MATERIAL PROVIDED: Begin

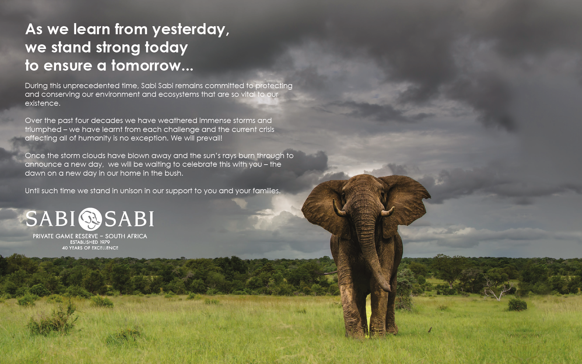 “Never before have we been faced with challenges quite to the scale of our current situation. At Sabi Sabi we are following the philosophy of ‘As we learn from yesterday, we stand strong today to ensure a tomorrow’ and we believe the actions taken today will assist in seeing the end of this situation sooner rather than later.”
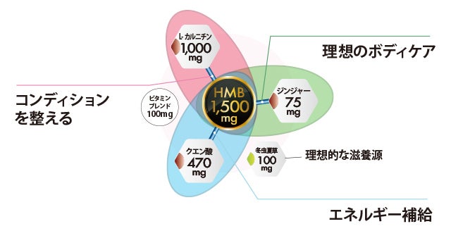 HMBによって身体に必要な栄養を補い、Lカルニチン&ジンジャーによってコンディションを整えます。
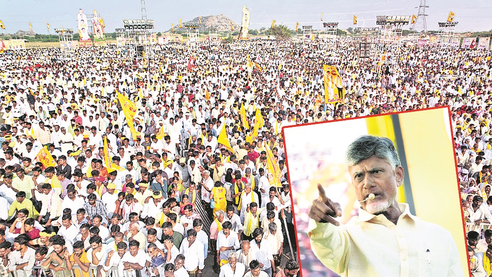 ఉమ్మడి జిల్లాను తాను ఎక్కువగా అభిమానిస్తానని చంద్రబాబు అన్నారు. తన గుండెకు దగ్గరగా ఉండే జిల్లా అనంతపురం అని అన్నారు. ఒకప్పుడు వర్షం పడక పంట రాకపోతే మొట్టమొదటిసారి వేరుశనగ పంటకు ఇనపుట్ సబ్సిడీ అందించి, రైతాంగాన్ని ఆదుకున్నామని అన్నారు. కరువు ఏర్పడినప్పుడు పశువుల మేపుకునేందుకు రైతులకు క్యాంపులు పెట్టామని గుర్తు చేశారు. అప్పటి నుంచే జిల్లాకు నీరు తీసుకురావాలనే ఆకాంక్ష పెరిగిందని అన్నారు. ఆ క్రమంలోనే హంద్రీనీవాను తీసుకొచ్చామని అన్నారు. ప్రతి ఎకరానికీ నీరిచ్చి, పేదరికం లేకుండా చేసి, పొలంలో బంగారం పండించే వరకు రైతులకు తాను అండగా ఉంటామని చంద్రబాబు అన్నారు. అధికారంలోకి రాగానే చేసి చూపిస్తానని అన్నారు. ‘ఈ సారి ఎన్నికల్లో మీరిచ్చే ఫలితాలు జగనకు దిమ్మతిరగాలి’ అని ప్రజలతో అన్నారు. ఉమ్మడి జిల్లాలో 14 అసెంబ్లీ స్థానాలు, రెండు ఎంపీ స్థానాలలో టీడీపీ, జనసేన కూటమి అభ్యర్థులను గెలిపించాలని కోరారు. టీడీపీ జెండా ఎగరాలి.. వైసీపీ జెండా భూస్థాపితం కావాలి అని అన్నారు.
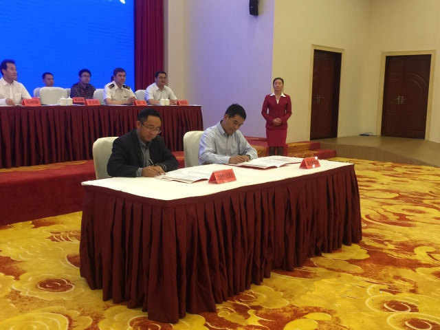 聯(lián)合驗收組組長、海關(guān)總署加貿(mào)司李志輝副司長與云南省政府副秘書長和麗貴簽署聯(lián)合驗收紀要
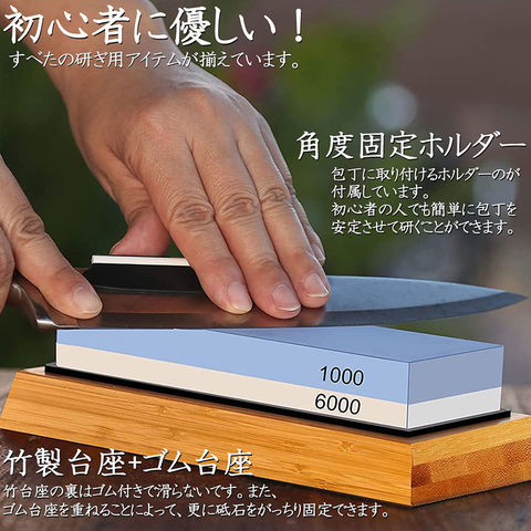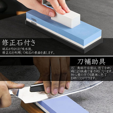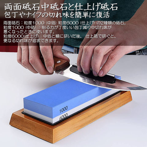 研ぎ石 包丁 両面砥石 #1000 #6000 砥石 刃物砥石 包丁研ぎ砥石 包丁研ぎ器 中砥石 仕上砥石 包丁研ぎ 包丁砥石 刀補助具 竹台座 ゴム台座 面直し 付き 家庭用 料理人用 包丁 サバイバルナイフ 彫刻等セット 日本刀 はさみ
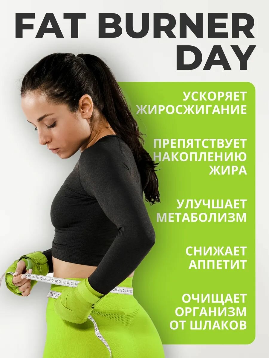 Fat Burner day снижает аппетит, ускоряет метаболизм, повышает способность организма к жиросжиганию, выводит шлаки и токсины. Упаковка дневного комплекса для похудения включает 30 капсул.
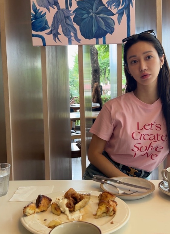 공개된 사진에는 한 카페에서 디저트와 커피를 즐긴 한그루의 모습이 담겼다.

MATERIAL PROVIDED: End

WORK TO COMPLETE |
Copy word for word each line of the data above, from the first through the one containing "HMBによって身体に必要な栄", and include no pictures.

SOLUTION TO THIS TASK |
 “Never before have we been faced with challenges quite to the scale of our current situation. At Sabi Sabi we are following the philosophy of ‘As we learn from yesterday, we stand strong today to ensure a tomorrow’ and we believe the actions taken today will assist in seeing the end of this situation sooner rather than later.”
 HMBによって身体に必要な栄養を補い、Lカルニチン&ジンジャーによってコンディションを整えます。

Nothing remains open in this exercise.